So I’ve been collecting and growing Hoya for a little while now. They’re very easy to grow and the flowers are amazing! If you’re new to growing Hoyas, here’s some things I realized by growing them myself.
If you’re interested in seeing a collection of my Hoya blog posts, here’s a link.
- Hoya is a succulent epiphyte, but they’re very different from regular succulents. They hate harsh, direct sunlight. Grow them in your living room or outdoors in the shade if you live in a fairly warm climate. Harsh direct sunlight will scorch the leaves. Indirect or filtered sunlight is best. A west/east facing window is perfect.
- Don’t let them dry out for long periods of time, especially in summer. They can live without water for quite a while, but if you want them to grow fast, they need water. I water mine every week in summer and every two weeks in winter.

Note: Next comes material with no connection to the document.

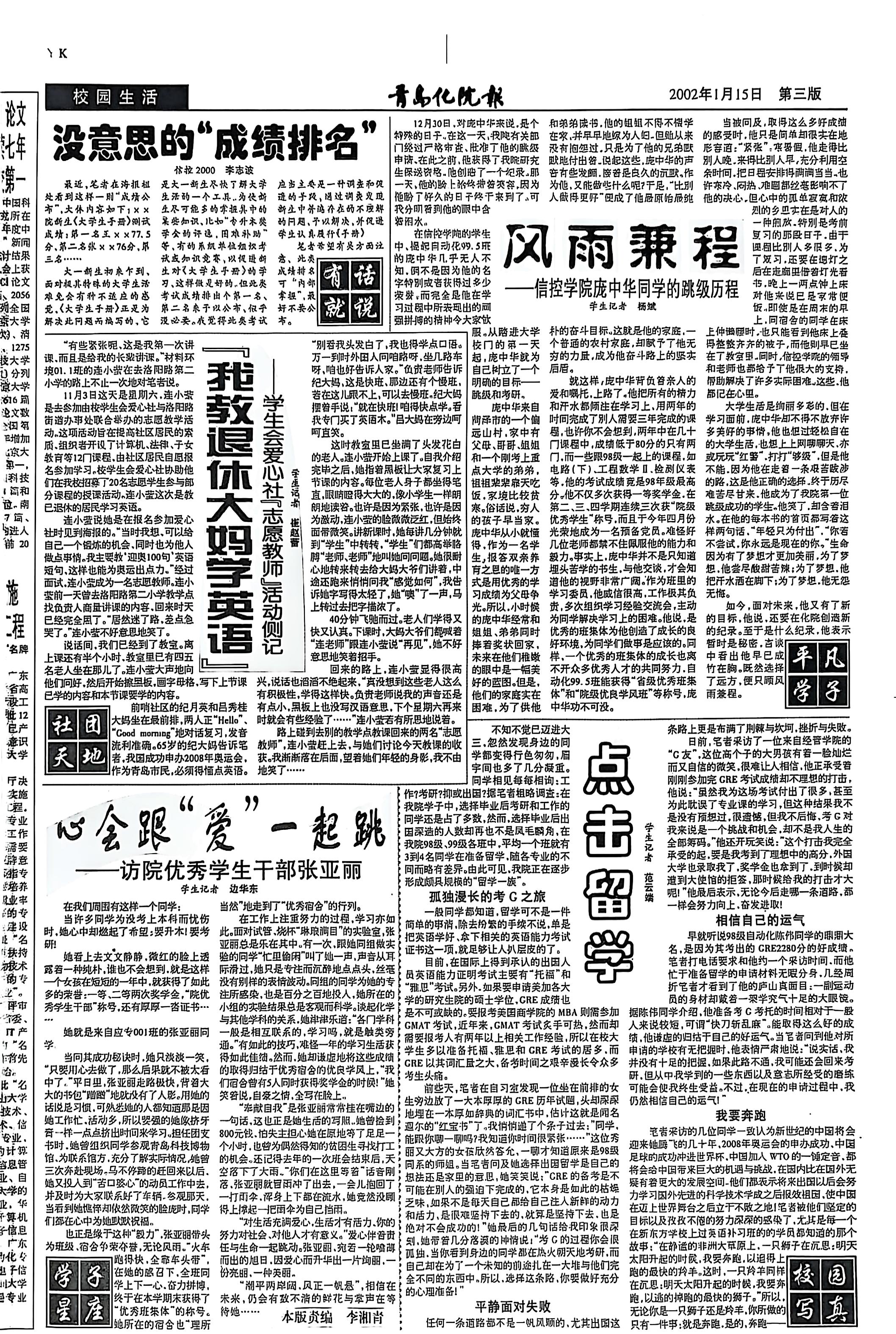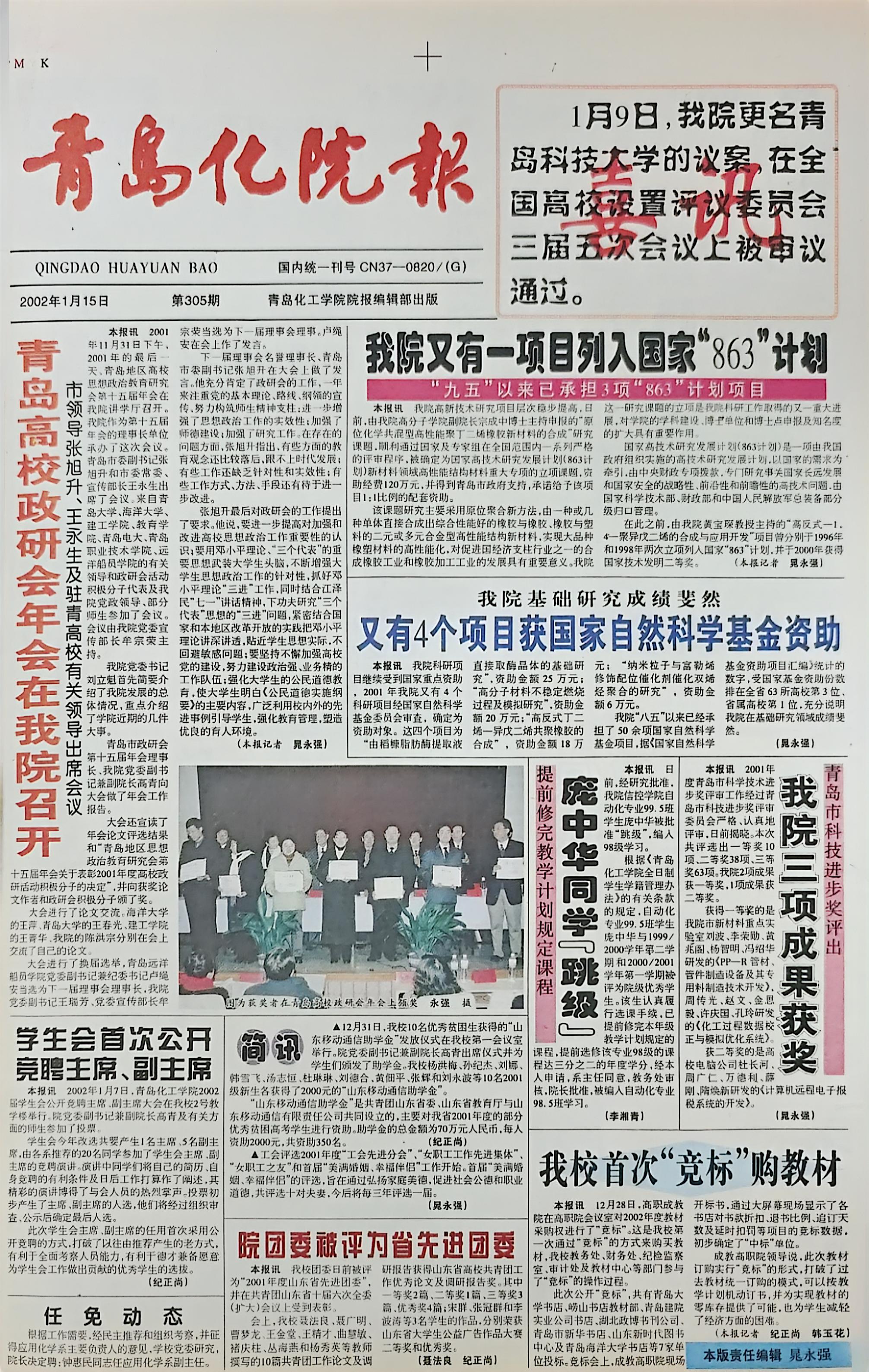 当前位置: 首页 >> 往期浏览 >> 2002年1月15日第305期
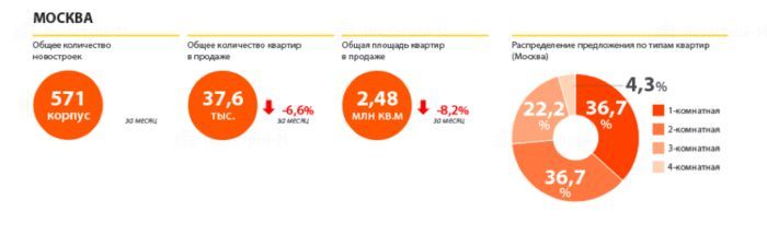Эксперты компании «Миэль-Новостройки» сообщают о снижении объемов предложения в новостройках «старой» Москвы третий месяц подряд. Количество квадратных метров в продаже уменьшилось с 2,87 млн кв. м до 2,48 млн кв. м. В Новой Москве также отмечается снижение объема предложения: здесь за последние два месяца объем квадратных метров в экспозиции снизился почти на 16%.

If the soil feels dry, you know it’s safe to water.
- Fertilize every month in spring and summer and watch the results. The vines and flowers need energy to grow. I use a regular non-brand 10-10-10 fertilizer for indoor flowering plants.
- So.. the flowers. The most important thing here is lots of (indirect/filtered) sunlight. If you grow yours in the middle of your living room, far from your windows, it might not flower at all. Some types of Hoya are fussy and will resist all attempts at inducing flowers while others will bloom every year even when mistreated. Lots of light, moderate fertilization, medium to high air humidity, time and a sprinkle of luck will help. Hoya bella, Hoya carnosa and Hoya Pubicalyx bloom very easily if point 1-3 is under control.

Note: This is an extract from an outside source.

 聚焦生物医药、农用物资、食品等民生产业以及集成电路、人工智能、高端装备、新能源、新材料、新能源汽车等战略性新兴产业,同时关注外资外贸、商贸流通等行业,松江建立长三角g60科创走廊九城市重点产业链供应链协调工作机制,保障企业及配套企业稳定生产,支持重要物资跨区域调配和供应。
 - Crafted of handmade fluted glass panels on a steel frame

Oh, and if your Hoya does develop peduncles and flower buds, do not move your plant! If the plant is stressed by the change in humidity and light, it will abort its flower buds. When your Hoya is done flowering, don’t remove the peduncles. Next year, it will develop flowers from those same peduncles.

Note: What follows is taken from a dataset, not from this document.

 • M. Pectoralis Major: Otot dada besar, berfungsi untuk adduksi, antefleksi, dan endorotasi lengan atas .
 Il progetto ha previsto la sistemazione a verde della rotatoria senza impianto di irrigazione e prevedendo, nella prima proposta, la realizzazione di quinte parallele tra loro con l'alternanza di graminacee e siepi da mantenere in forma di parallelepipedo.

- Propagating your Hoya is really easy, too. Take a clean knife or scissor and cut the stem just above a leaf pair, making sure the cutting has at least 2 leaves – preferably 4-6 leaves. You can propagate the cutting in moist soil or in a glass of clean water. Personally I found soil propagation more effective, especially when I use a plastic bag to keep humidity high. A healthy cutting will develop new roots in 1-3 weeks. If you water propagate, you can transfer the cutting to a pot with soil when the roots are a couple of cm. in length.